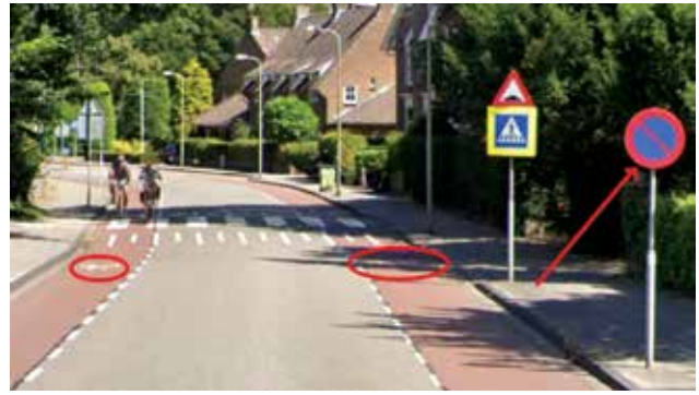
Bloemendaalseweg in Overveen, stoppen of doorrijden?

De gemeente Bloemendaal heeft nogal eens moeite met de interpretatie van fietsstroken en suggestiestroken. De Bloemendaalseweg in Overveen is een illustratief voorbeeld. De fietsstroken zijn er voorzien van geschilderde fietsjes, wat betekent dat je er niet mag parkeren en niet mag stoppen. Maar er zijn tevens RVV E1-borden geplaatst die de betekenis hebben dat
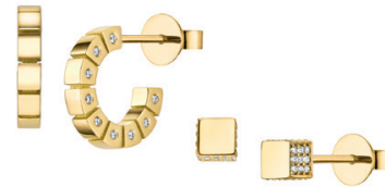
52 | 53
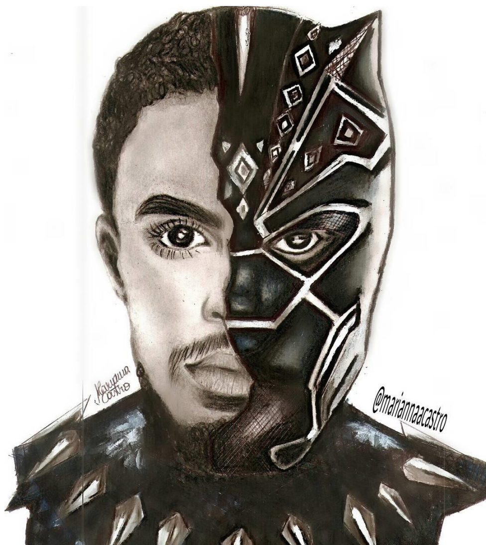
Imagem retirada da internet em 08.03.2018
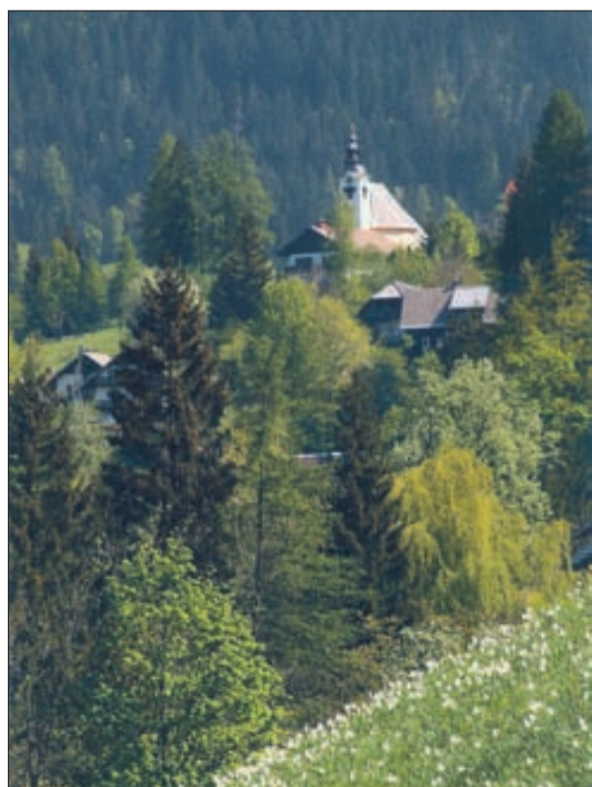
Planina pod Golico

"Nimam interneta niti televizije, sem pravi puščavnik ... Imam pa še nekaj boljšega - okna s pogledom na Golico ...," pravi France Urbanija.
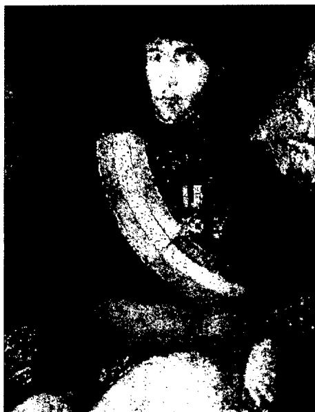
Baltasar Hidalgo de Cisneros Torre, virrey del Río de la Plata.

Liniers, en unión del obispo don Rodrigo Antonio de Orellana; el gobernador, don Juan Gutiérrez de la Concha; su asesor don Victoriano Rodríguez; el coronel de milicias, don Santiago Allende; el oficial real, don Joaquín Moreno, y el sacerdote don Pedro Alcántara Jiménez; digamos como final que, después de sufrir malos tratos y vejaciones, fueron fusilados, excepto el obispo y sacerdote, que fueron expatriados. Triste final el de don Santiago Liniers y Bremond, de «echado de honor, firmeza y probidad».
+++
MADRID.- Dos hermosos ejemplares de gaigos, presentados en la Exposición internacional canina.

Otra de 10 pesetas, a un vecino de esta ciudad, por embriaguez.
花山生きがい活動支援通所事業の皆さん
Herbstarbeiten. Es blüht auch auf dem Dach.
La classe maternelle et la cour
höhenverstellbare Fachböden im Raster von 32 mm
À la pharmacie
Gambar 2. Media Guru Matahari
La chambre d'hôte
+++
**Task directions**.
Within the material above, find the part that opens with the line containing "Planina pod Golico" and closes with the line containing "Baltasar Hidalgo de", and reproduce it exactly without the pictures.

**Written solution**.
Planina pod Golico

"Nimam interneta niti televizije, sem pravi puščavnik ... Imam pa še nekaj boljšega - okna s pogledom na Golico ...," pravi France Urbanija.
Baltasar Hidalgo de Cisneros Torre, virrey del Río de la Plata.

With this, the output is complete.